I just
updated
the phytools function force.ultrametric
to print the following message (unless explicitly
turned off by the user by setting the optional argument message=FALSE
):
## ***************************************************************
## * Note: *
## * force.ultrametric does not include a formal method to *
## * ultrametricize a tree & should only be used to coerce to *
## * a phylogeny that fails is.ultramtric due to rounding -- *
## * not as a substitute for formal rate-smoothing methods. *
## ***************************************************************
The reason that I decided that this warning was necessary because I've seen force.ultrametric
used in some papers in lieu of a formal rate-smoothing method for generating an ultrametric tree.
This is not appropriate.
What is force.ultrametric
for then?
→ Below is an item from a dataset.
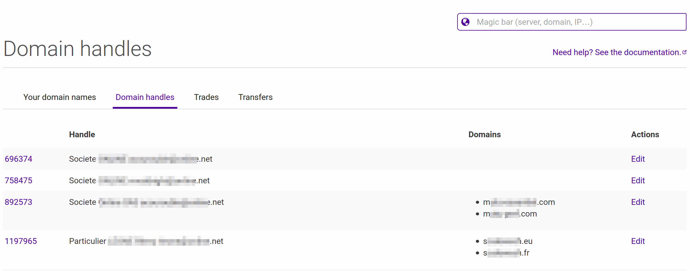 - Click the Domain handles tab. A list of all your handles and their associated domains displays.

It's essentially a coercion method that forces a tree
that should be ultrametric, but that fails is.ultrametric
(perhaps, for example, due to
numerical precision or rounding of the edge lengths when it was written to file), to be so.
Here's what I mean.
Let's load the data object anoletree
that comes loaded with phytools.
library(phytools)
data(anoletree)
anoletree<-as.phylo(anoletree)
plotTree(anoletree,ftype="i",fsize=0.7,lwd=1)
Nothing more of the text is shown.